While he was cleared, his case has drawn attention to what the fertility economist Deborah Spar described on Wednesday as an inherent conflict at the heart of the industry. When an infertile couple approaches a private clinic, the doctor who diagnoses their problems and suggests treatments has a direct stake in the outcome of his advice. The more pricey the tests and therapies he orders, the more his business will profit financially.
Desperate patients who will go to any lengths for a chance of having a child can be told that this test or that drug might make all the difference when the evidence is weak. Women with little realistic possibility of conceiving might be encouraged — or at least, not dissuaded — from trying an expensive round of IVF that will probably be futile. There is great scope for exploitation of the vulnerable.
This is not all the doctors’ fault — there is no shortage of couples willing to press for treatments that they have been told are unlikely to work — and some checks and balances are in place.
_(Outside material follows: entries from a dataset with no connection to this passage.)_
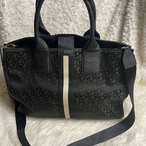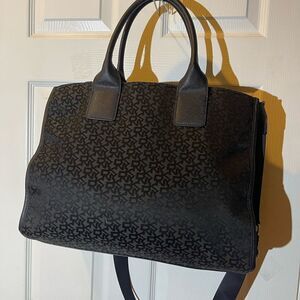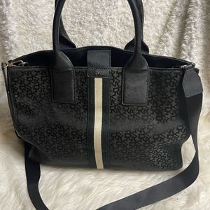 DKNY Carlita Large Black Fabric logo satchel with synthetic leather trim &straps
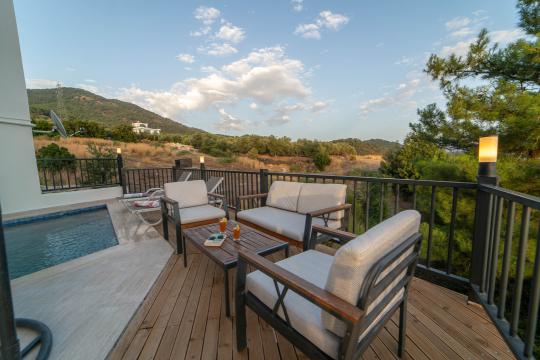 NOT:Suitin üst katında girişleri tamamen bağımsız olmak üzere 2+1 villa yer almaktadır. Müsaitlik doğrultusunda her ikisi de kiralanarak 6 kişiye kadar konaklama yapılabilir.
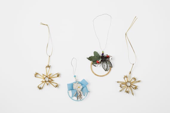 ヴィンテージのガラス製のリングに、リボンやオーナメントをあしらっています。クリスマスツリーのオーナメントにしたり、壁や机に飾ってみてください。
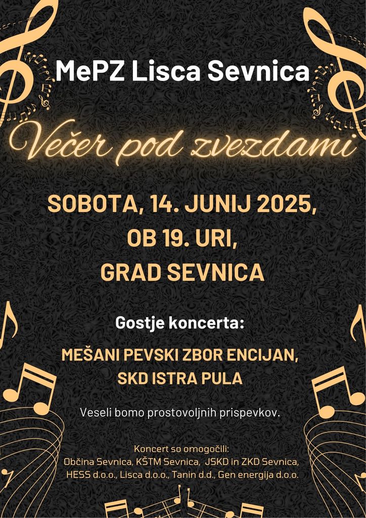 V okviru grajskega poletja KD MePZ LISCA SEVNICA organizira skupni koncert z MePZ ENCIJAN SKD ISTRA iz PULE.

Doctors must conform to professional codes of conduct and the publication of clinics’ success rates mean that they have something to lose by overzealous recruitment of hopeless cases.
But if serious malpractice is rare — Professor Craft’s is the only recent case of its kind to reach the GMC and it was dismissed — it is clear that patients are not always given enough information to make rational decisions.
Some clinics fudge their success rates or offer averages with little relevance to patients with specific reproductive complaints. Not all make it clear that it takes an average of three cycles to make an IVF baby, and thus an outlay of a five-figure sum; nor that going private can make you ineligible for treatment on the NHS.
Price lists often exclude the cost of drugs, scans and other add-ons that can swell bills by thousands of pounds. It is not surprising that some patients feel that extra costs are foisted on them suddenly and unfairly, which they feel bound to pay because of the five-figure sums they have already invested. Many think themselves cheated, like homeowners ripped off for “completion fees” by cowboy builders who threaten to leave them with half a roof.
It would be better for all concerned if clinics were more open and honest at the outset about prognosis, the details of therapies and, above all, about likely fees. Couples would be spared unpleasant surprises and empowered to judge value for money, while doctors would be protected against complaints from angry and disappointed patients. Yet while the best clinics provide costed treatment plans already, there is no legal obligation and many do not.
The Government is reviewing the fertility laws, and it should make these plans a mandatory condition of clinics’ licences. Britain’s regulatory system is the best in the world for overseeing the science of IVF but it is powerless over the financial practices that are just as important to sound ethics.
The market can be left to decide how much patients are willing to pay — particularly if they recognise that a market is what it is — but they need full and frank information to make a reasoned choice.